◆ INFORMATION GIVEN ◆
+++
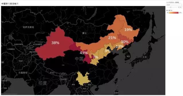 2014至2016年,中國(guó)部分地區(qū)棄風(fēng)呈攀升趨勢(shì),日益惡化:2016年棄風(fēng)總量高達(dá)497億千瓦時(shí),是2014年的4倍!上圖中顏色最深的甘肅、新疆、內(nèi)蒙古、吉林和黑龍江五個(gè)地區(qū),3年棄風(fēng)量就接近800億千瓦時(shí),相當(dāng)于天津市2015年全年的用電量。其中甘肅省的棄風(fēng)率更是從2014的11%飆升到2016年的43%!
+++
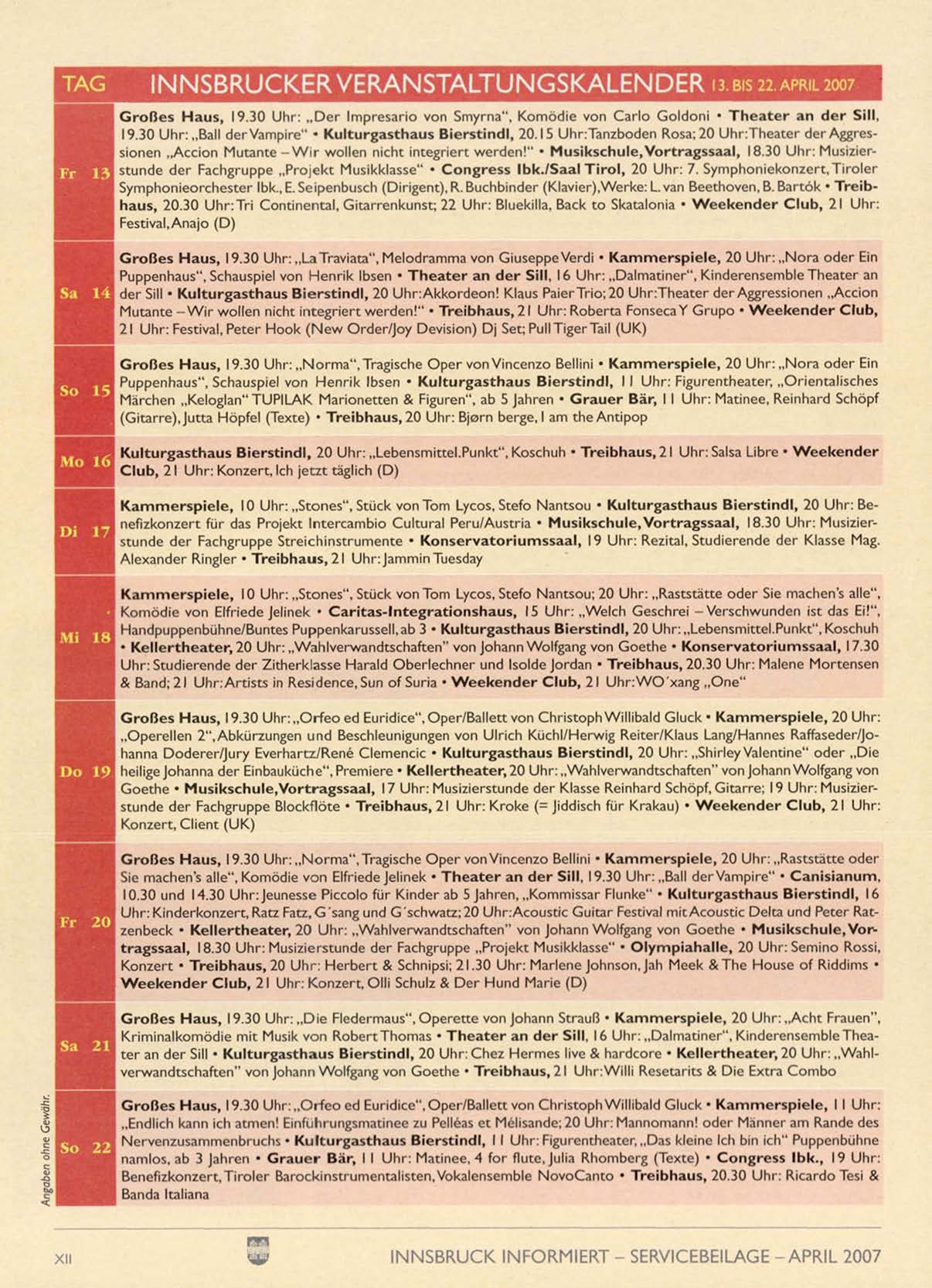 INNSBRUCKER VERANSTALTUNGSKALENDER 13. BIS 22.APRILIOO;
+++
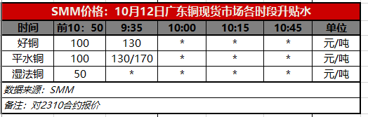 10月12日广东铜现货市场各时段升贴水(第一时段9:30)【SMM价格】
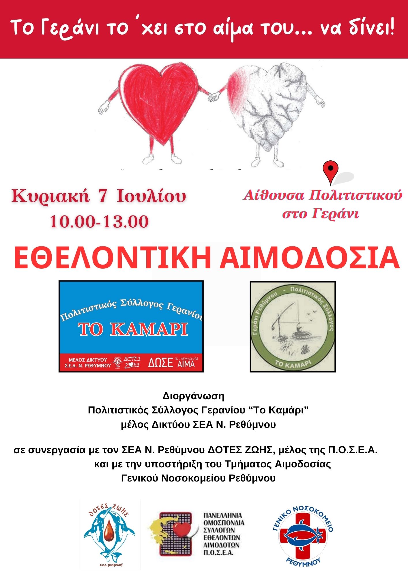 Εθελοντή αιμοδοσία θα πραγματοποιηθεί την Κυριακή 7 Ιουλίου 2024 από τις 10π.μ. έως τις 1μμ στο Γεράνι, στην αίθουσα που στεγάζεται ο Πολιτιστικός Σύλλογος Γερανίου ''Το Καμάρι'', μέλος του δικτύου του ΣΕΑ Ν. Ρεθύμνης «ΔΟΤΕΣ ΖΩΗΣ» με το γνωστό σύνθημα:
+++
◆ INSTRUCTIONS TO FOLLOW ◆
Start with the line with "10月12日广东铜现货市场各时段升贴水(第一时段9:30)【SMM价格】" in the listing above and stop after the line with "Εθελοντή αιμοδοσία θα". Write out exactly the lines in that stretch and no others, without pictures.

◆ TASK RESPONSE ◆
 10月12日广东铜现货市场各时段升贴水(第一时段9:30)【SMM价格】
 Εθελοντή αιμοδοσία θα πραγματοποιηθεί την Κυριακή 7 Ιουλίου 2024 από τις 10π.μ. έως τις 1μμ στο Γεράνι, στην αίθουσα που στεγάζεται ο Πολιτιστικός Σύλλογος Γερανίου ''Το Καμάρι'', μέλος του δικτύου του ΣΕΑ Ν. Ρεθύμνης «ΔΟΤΕΣ ΖΩΗΣ» με το γνωστό σύνθημα:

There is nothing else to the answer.